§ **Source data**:

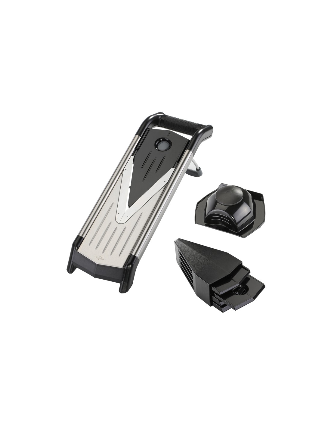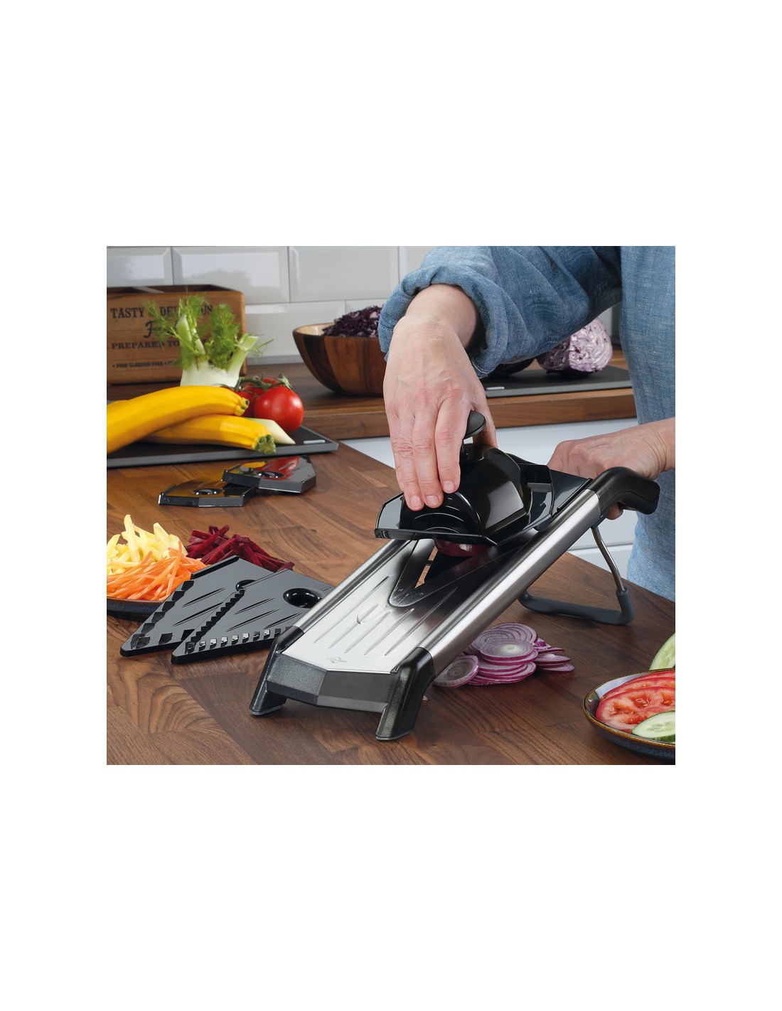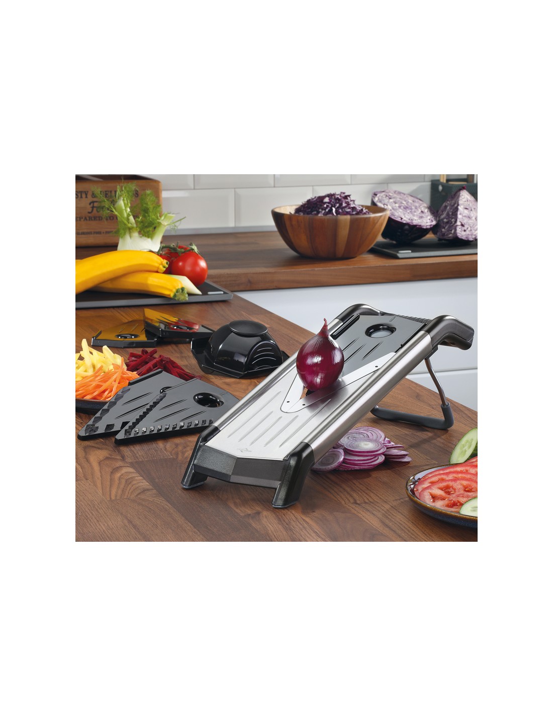 Questa mandolina ti permette di sbizzarrirti con le amate verdure, dando loro 5 tagli diversi: 2 inserti taglia julienne(3,5mm e 7,5mm) e 3 insertu taglia fette (1,5 mm, 2,5 mm e 3,5 mm).
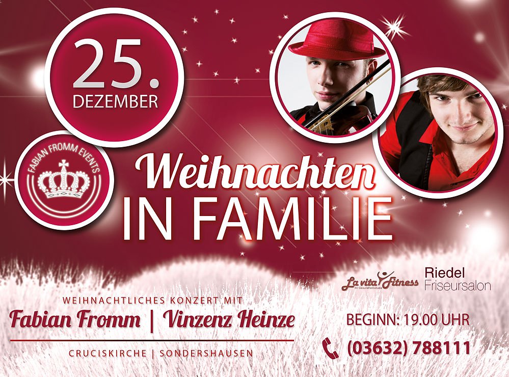 Gemeinsam mit Vinzenz Heinze, der vielen als Pianist der Band Annred” ein Begriff sein dürfte, lädt Sie Fabian Fromm herzlich ein. Musik aus Klassik, Pop & Rock. Musik aus den bekanntesten Filmen unserer Zeit – von Forrest Gump” bis hin zur Titanic”. Und natürlich die besten Melodien zur Weihnachtszeit – insbesondere des Titels Weihnachten in Familie” von Frank Schöbel.
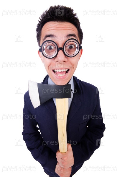 Забавный человек с топором на белом фоне
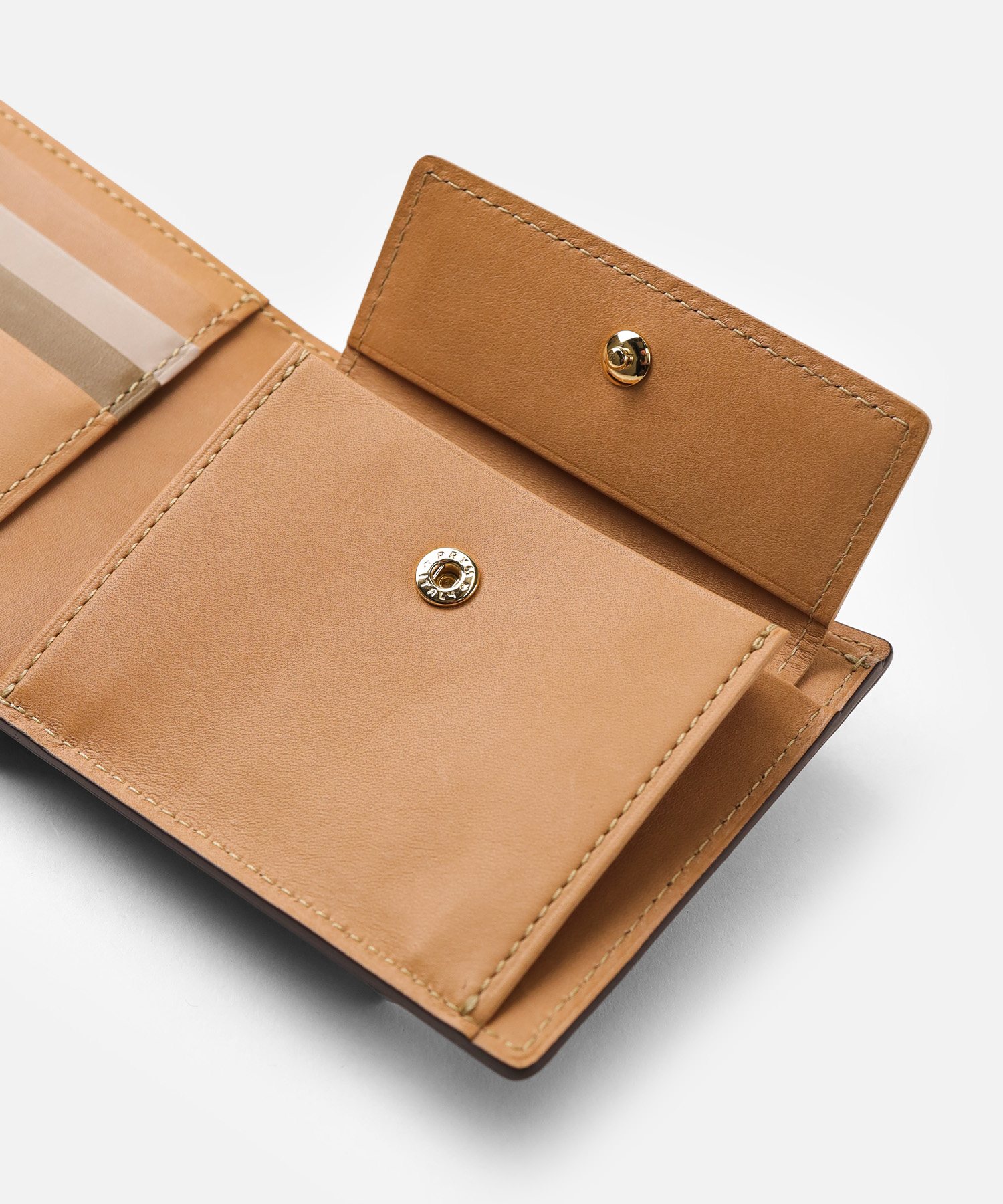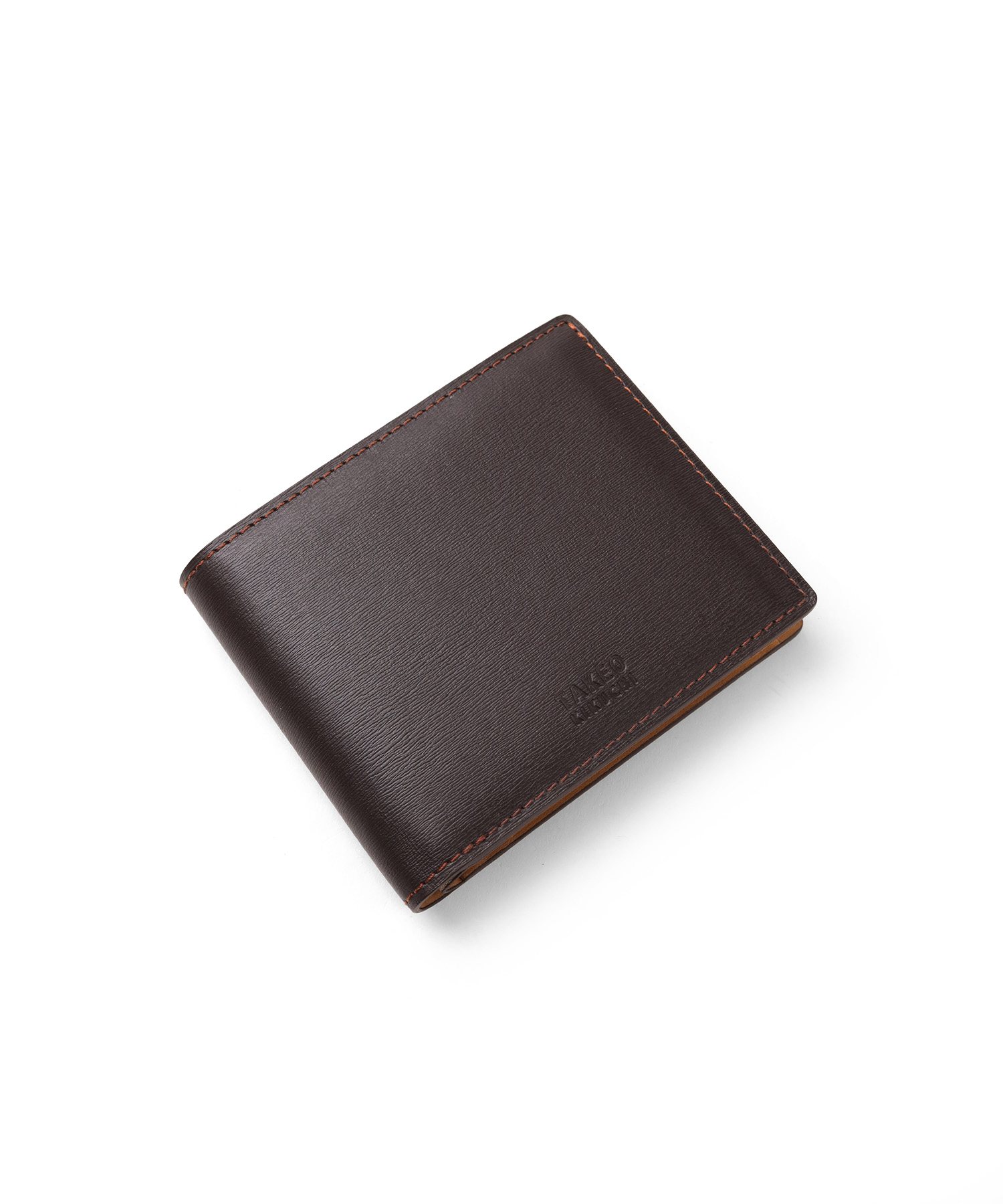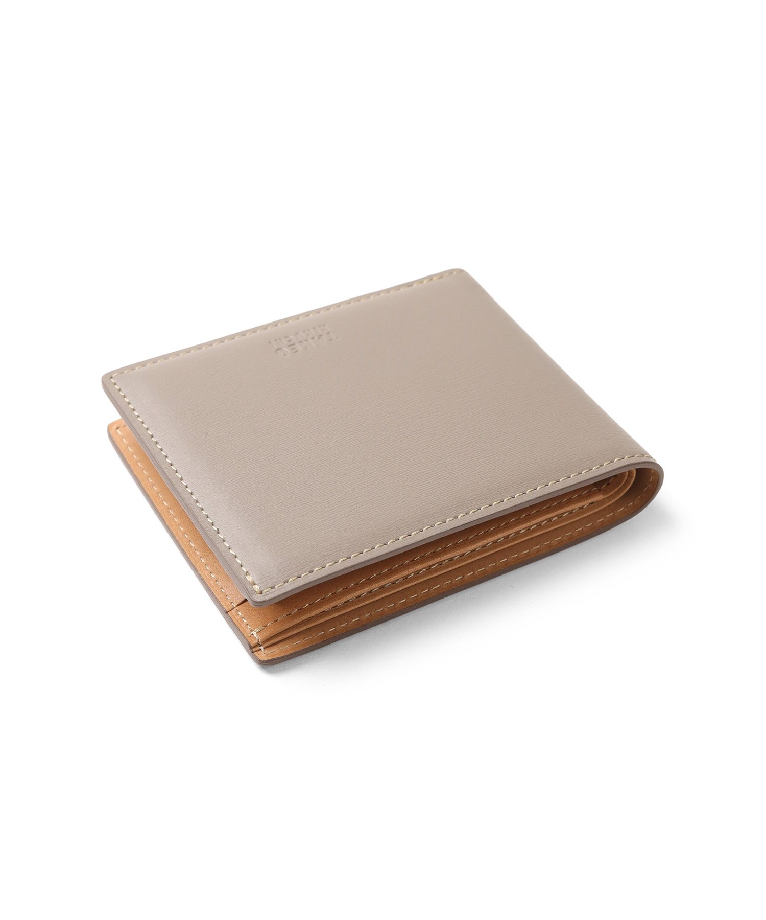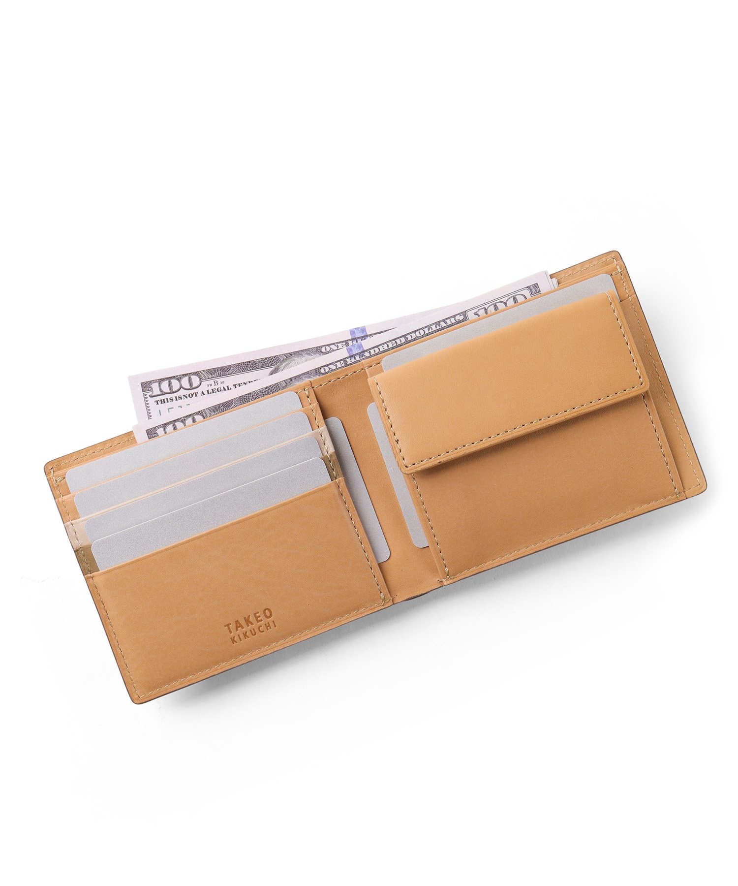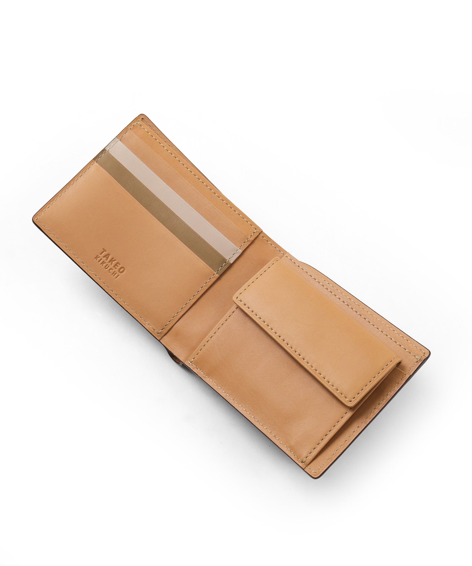 イタリア製の型押し牛革を用い、国内の職人が丁寧に仕立てたタケオキクチの二つ折り財布。薄マチ構造によって収納力はそのままに、一般的な二つ折り財布よりも薄い構造で、表素材には繊細な水シボの型押しを施したイタリアンレザーを、内側には視認性を高めるナチュラルカラーのソフト牛革を使用。切り目やコバ磨きなど、日本製ならではの丁寧な仕事が光る逸品です。
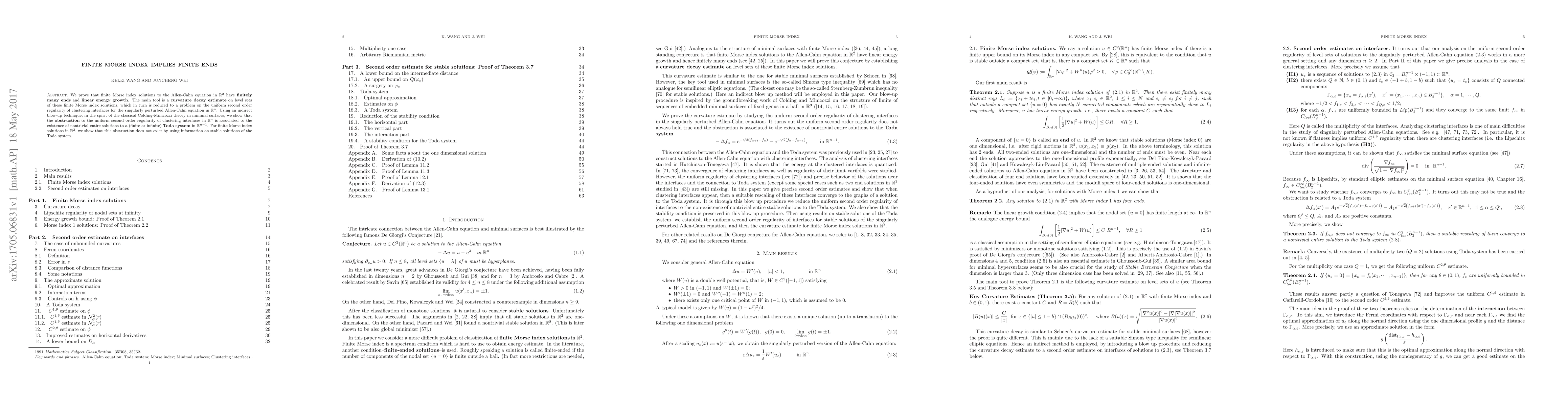 We prove that finite Morse index solutions to the Allen-Cahn equation in $\R^2$ have {\bf finitely many ends} and {\bf linear energy growth}. The main tool is a {\bf curvature decay estimate} on level sets of these finite Morse index solutions, which in turn is reduced to a problem on the uniform second order regularity of clustering interfaces for the singularly perturbed Allen-Cahn equation in $\R^n$. Using an indirect blow-up technique, in the spirit of the classical Colding-Minicozzi theory in minimal surfaces, we show that the {\bf obstruction} to the uniform second order regularity of clustering interfaces in $\R^n$ is associated to the existence of nontrivial entire solutions to a (finite or infinite) {\bf Toda system} in $\R^{n-1}$. For finite Morse index solutions in $\R^2$, we show that this obstruction does not exist by using information on stable solutions of the Toda system.

§ **WHAT IS BEING ASKED**:
Nothing but an exact copy is asked for: the lines from the start of the records through the line with "Gemeinsam mit Vinzenz", both ends included, minus any pictures.

§ **ANSWER TO THE PROBLEM**:
 Questa mandolina ti permette di sbizzarrirti con le amate verdure, dando loro 5 tagli diversi: 2 inserti taglia julienne(3,5mm e 7,5mm) e 3 insertu taglia fette (1,5 mm, 2,5 mm e 3,5 mm).
 Gemeinsam mit Vinzenz Heinze, der vielen als Pianist der Band Annred” ein Begriff sein dürfte, lädt Sie Fabian Fromm herzlich ein. Musik aus Klassik, Pop & Rock. Musik aus den bekanntesten Filmen unserer Zeit – von Forrest Gump” bis hin zur Titanic”. Und natürlich die besten Melodien zur Weihnachtszeit – insbesondere des Titels Weihnachten in Familie” von Frank Schöbel.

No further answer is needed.